All this needling has caused some damage: my veins are small to begin with, and now they’re getting scarred up and tough to use. It usually takes a phlebotomist or the IV nurse an average of 2-3 tries to find a usable vein. (Today, for instance, my arm looks like a yellow, red and purple mess where the opthalmologic nurse injected me with contrast dye and the vein blew.) The skin of my stomach is also getting scarred up enough that I may not be able to use the insulin pump there much longer either.

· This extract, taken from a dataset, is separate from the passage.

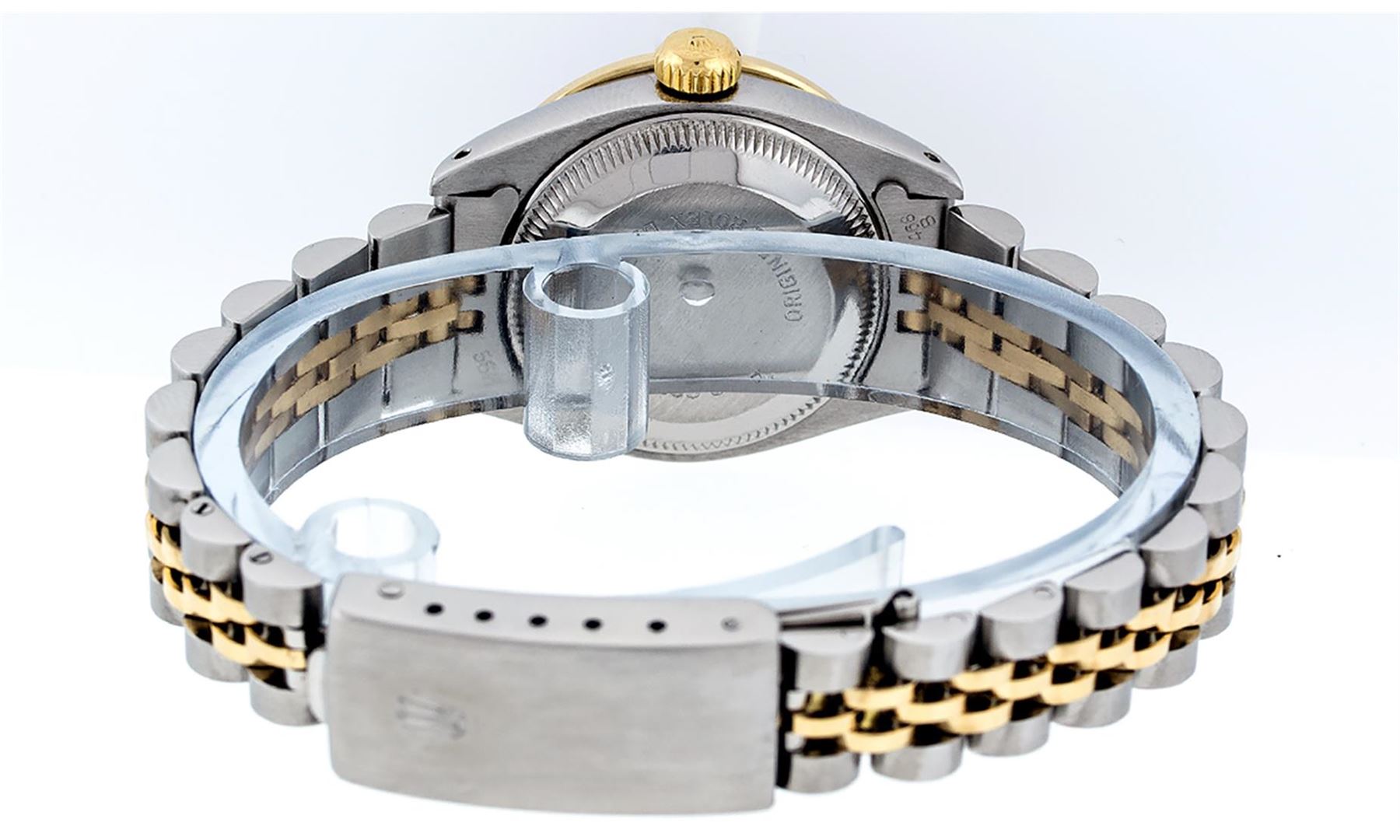 One Ladies Pre Owned Rolex Quickset Two Tone 18K Yellow Gold And Stainless Steel Datejust Polished, Serviced & Electronically Tested, Rolex Yellow Gold & Stainless Steel Case: 26mm, Rolex Yellow Gold Crown, Custom Bezel: New 18K Yellow Gold Sapphire Beadset Diamond Bezel, Diamond + Gem Count: 28 Diamonds + 4 Sapphires. Custom Crystal: New Sapphire With Magnified Date. Custom Hands: New Luminescent Hands. Rolex Movement: Automatic Winding Movement 2135. Custom Dial: Custom Blue Vignette Dial Set With Added Diamond Hour Markers, Diamond Count: 10 Diamond in Dial. Date Window: 3 O'Clock Position Date Display, Model: Quickset Datejust, Condition: G-6 Extra Fine. Rolex Bracelet: Two Tone Yellow Gold & Stainless Steel Jubilee Band. Bright Polish. 6.0 Inch Length, Adjustable. Standard Clasp, With Rolex Logo. This Watch Has Been Serviced Time Tested And Is In Excellent Condition It Is Free Of All Scratches And Dents.

All this is to say I have become, over the years, The Human Pincushion, and I’m awful tired.  Today I get the news that another person wants to start sticking needles into me–into my eyeballs, which is some of the only un-needled space left on me, and all I can think is how MORE tired I am.

I’m not using this space only to whinge, I promise. I’m just trying to figure out how to make sense of this, to make something of it that will do something in the world. I’m trying to figure out how to use this situation to make me a better person, more empathetic, stronger, braver. I remain well aware that many other folks suffer horribly much worse due to health or economics or politics or abuse or repression.  But at the moment, all I can do is cry, worry about a medical mishap that will make it impossible to do the work I do now, or more medical bills (this will be more than $1500 per injection, I’m told–that’s $3000 every 5-6 weeks, and it’s unclear how much my insurance will cover), or just more pain and fear.

I mean, they want to put a dang NEEDLE in my dang EYE on a regular basis.

Life, this is the asshole-est joke you have ever played. Seriously. Not funny.